- **Activity**: Write out the listing below character for character, though without its pictures.

*** Opening Information supplied ***

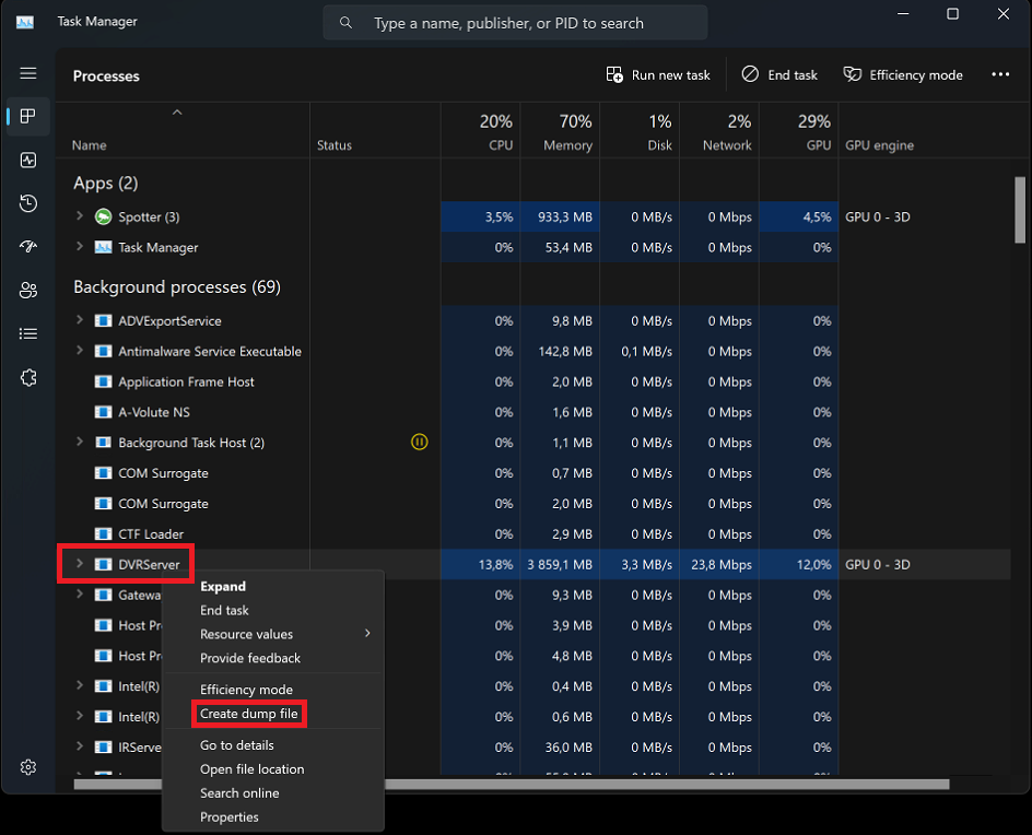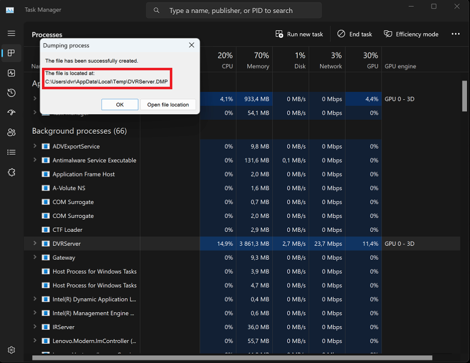 There is several ways to take that and one option is use Windows own Task Manager because that has option to make memory dump.
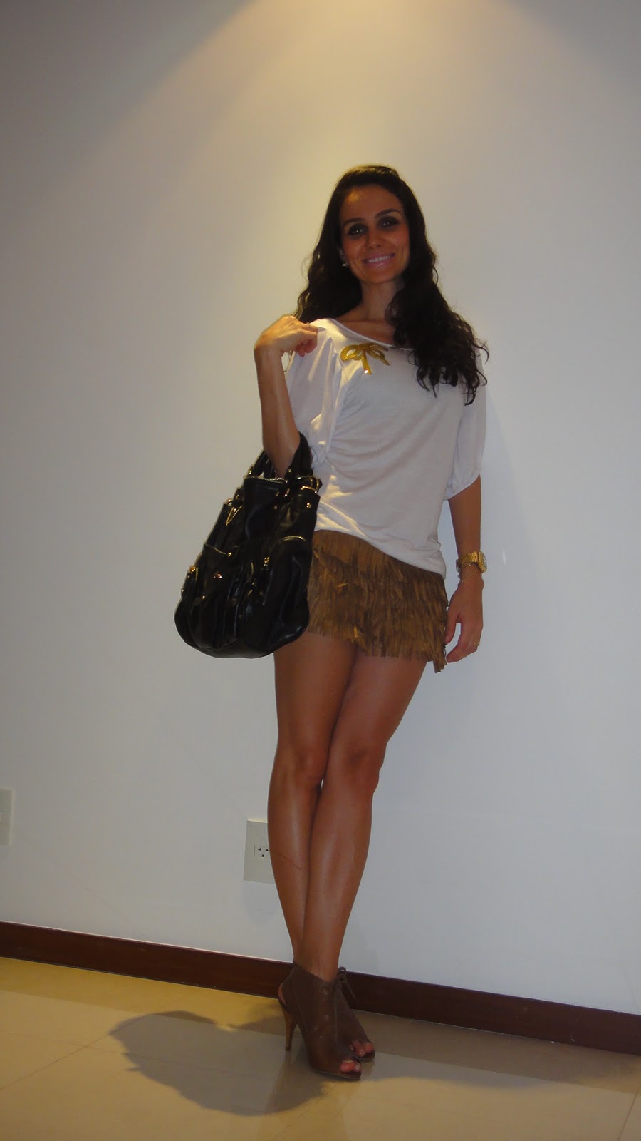 Esse foi o “look do dia”. Frise-se, porém, que o detalhe da bolsa foi só para complementar o look para a foto e para mostrar a desnecessidade da combinação de acessórios. Afinal, em casa eu JAMAIS colocaria uma bolsa a tiracolo néeeee.. rs
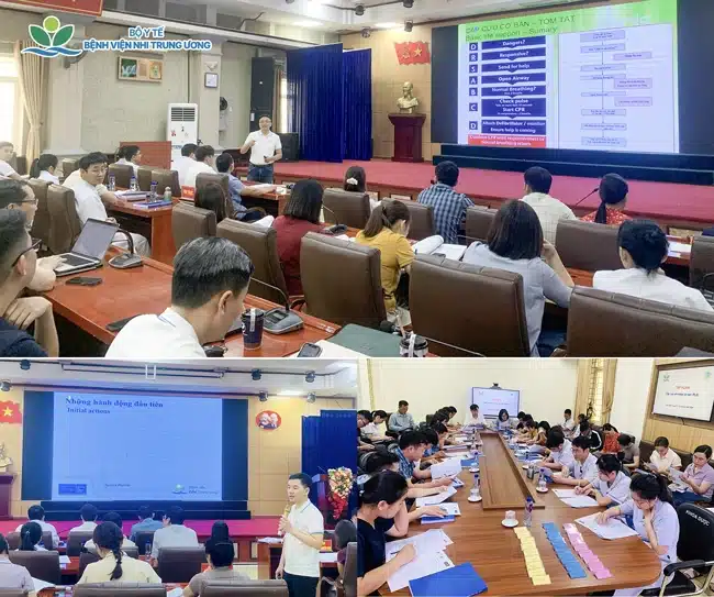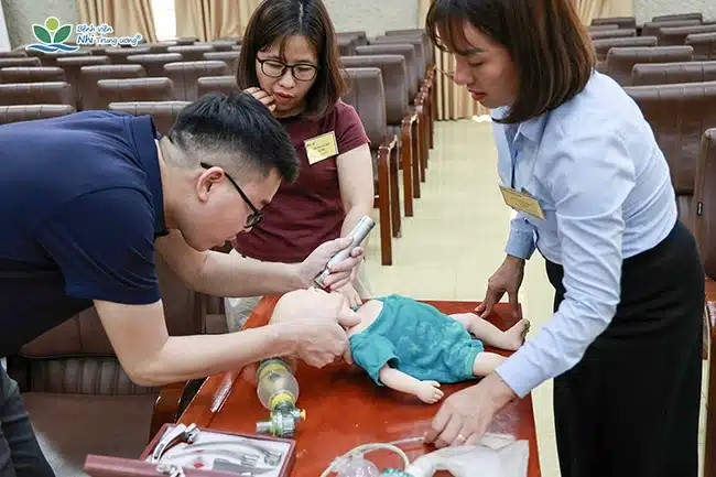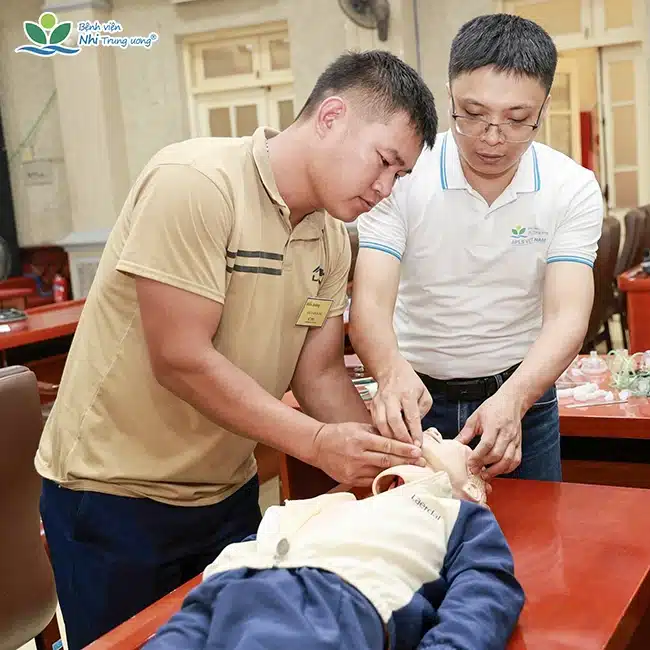 Khóa học với 28 học viên tham gia, do 6 chuyên gia từ Bệnh viện Nhi Trung ương trực tiếp giảng dạy. Chương trình tập trung trang bị những kỹ năng thiết yếu: nhận diện sớm, xử trí ban đầu và cấp cứu các tình huống thường gặp ở trẻ em. Các bài giảng lý thuyết kết hợp thực hành trên mô hình và thảo luận tình huống, tạo điều kiện cho học viên rèn luyện kỹ năng xử trí nhanh và phối hợp hiệu quả trong môi trường thực tế. Ngoài ra, học viên được kiểm tra đầu vào và đầu ra, cấp chứng nhận sau khóa học.

*** Closing Information supplied ***

- **The completed task**:
 There is several ways to take that and one option is use Windows own Task Manager because that has option to make memory dump.
 Esse foi o “look do dia”. Frise-se, porém, que o detalhe da bolsa foi só para complementar o look para a foto e para mostrar a desnecessidade da combinação de acessórios. Afinal, em casa eu JAMAIS colocaria uma bolsa a tiracolo néeeee.. rs
 Khóa học với 28 học viên tham gia, do 6 chuyên gia từ Bệnh viện Nhi Trung ương trực tiếp giảng dạy. Chương trình tập trung trang bị những kỹ năng thiết yếu: nhận diện sớm, xử trí ban đầu và cấp cứu các tình huống thường gặp ở trẻ em. Các bài giảng lý thuyết kết hợp thực hành trên mô hình và thảo luận tình huống, tạo điều kiện cho học viên rèn luyện kỹ năng xử trí nhanh và phối hợp hiệu quả trong môi trường thực tế. Ngoài ra, học viên được kiểm tra đầu vào và đầu ra, cấp chứng nhận sau khóa học.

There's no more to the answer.